The overall mean dive depth was 516 ± 53.2 m (maximum 1735 m), but dive depths showed a strong diel pattern resulting in a bimodal distribution. The deep daytime mode was centered at 619 m while the shallow nighttime mode was centered at 456 m. In addition to the diel depth patterns, a diurnal bimodality was also observed for daytime active-bottom dives in 55% of the seals (modes at 385 m and 641 m). Shallow daytime dives were present throughout the range, but occurred most frequently in the northern region of the sub-arctic gyre (Fig. 5).

Figure 5. Mean daytime dive depth for northern elephant seals from Año Nuevo, CA seals with a matched and complete diving and tracking record from 2004-2010 (n = 95).

Figure 5

Dives are shallower in the northern half of the sub-arctic gyre and coastal regions compared to the transition zone waters.

The highest density of seals occurred in a migratory corridor off the California coast extending northwest to ∼45°N (Fig. 4– April). This pattern reflects the convergence of seals as they leave from, and return to, their home colony with high spatial and temporal fidelity twice per year. Only 5.3% of the migrations ended at a different colony. Monthly density plots show a strong preference for the 40-50°N latitudinal band during both foraging migrations and are strongly associated with the gyre-gyre boundary, identified using absolute dynamic topography climatologies (Fig. 4). The density band also corresponds to the latitude of the Transition Zone Chlorophyll Front (TZCF) [32] during the post-molting migration, but not the post-breeding migration when the TZCF migrates up to 1,000 km south (Fig. 3). The density band is narrow and persistent for the majority of the post-molting migration from July through November and the peak density extends well west of the 160°W meridian. The density estimates during the post-breeding migration were shifted to the east and generally less concentrated, likely a result of the short duration of the post-breeding migration that is spent largely in transit.
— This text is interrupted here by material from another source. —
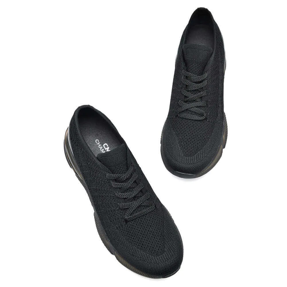 7CM / 2.76 Inches CMR CHAMARIPA Height Increasing Shoes For Men Hidden Heel Trainers Black Flyknit Sports Shoes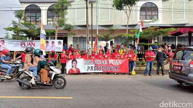 Emak-emak yang tergabung dalam Srikandi Barisan Relawan Jalan Perubahan (Bara JP) membentangkan spanduk bertuliskan '2024 Mbak Puan Presidenku'. Selain itu mereka juga menyanyikan yel-yel dukungan terhadap Putri Megawati itu.

Hotspot analysis revealed clusters of intense foraging activity by either slow transit or an elevated rate of drift dives, independent of how many animals visited a particular region (Fig. 6). These maps clearly down-weight the importance of the area close to the colony, predominantly used as a migration corridor, and highlight successful feeding throughout the Transition Zone and waters to the north, including the continental margins. The patterns were reasonably consistent for both behavioral metrics, indicating agreement between independently-derived diving and movement metrics.

Figure 6. Hotspot analysis (Getis-Ord Gi* statistic) across all years of the study (2004-2010) for female northern elephant seals using two foraging metrics: number of drift dives per day and daily transit rate.

Figure 6

Areas in red indicate statistically significant clustering of foraging activity, independent of the number of seals present. Grid cells informed by only one seal were removed to avoid high leverage.

Subsurface Thermal Structure

To explore possible subsurface thermal features that may influence the distribution of prey species and other mesopelagic predators, we generated a temperature profile of the water column by using the data collected by a seal (ID: 2005037) that swam a direct and continuous transect along the ∼163°W meridian from 50°N to 40°N during the middle of the post-molting foraging migration (from late July to late August; Fig. 7). The multi-year density of seals along this transect was extracted from the August density plot (Fig. 4). The temperature profile indicates an inversion layer at ∼100 m depth and the latitudinal range of this inversion layer corresponds with peak seal density (Fig. 7). The peak seal density was slightly north of the gyre-gyre boundary, as identified by the absolute dynamic topography.

Figure 7. Temperature profile and female northern elephant seal density along a transect of the ∼163W meridian from 40N to 50N.

Figure 7

The temperature profile was created from TDR data between 28-July-2005 and 24-August-2005 (seal ID: 2005037; post-molting season). The 8°C isotherm, indicated with a black line, highlights the temperature inversion. The seal density was extracted from the inter-annual August kernel density (see fig. 5). The grey bar shows the position of the gyre-gyre boundary.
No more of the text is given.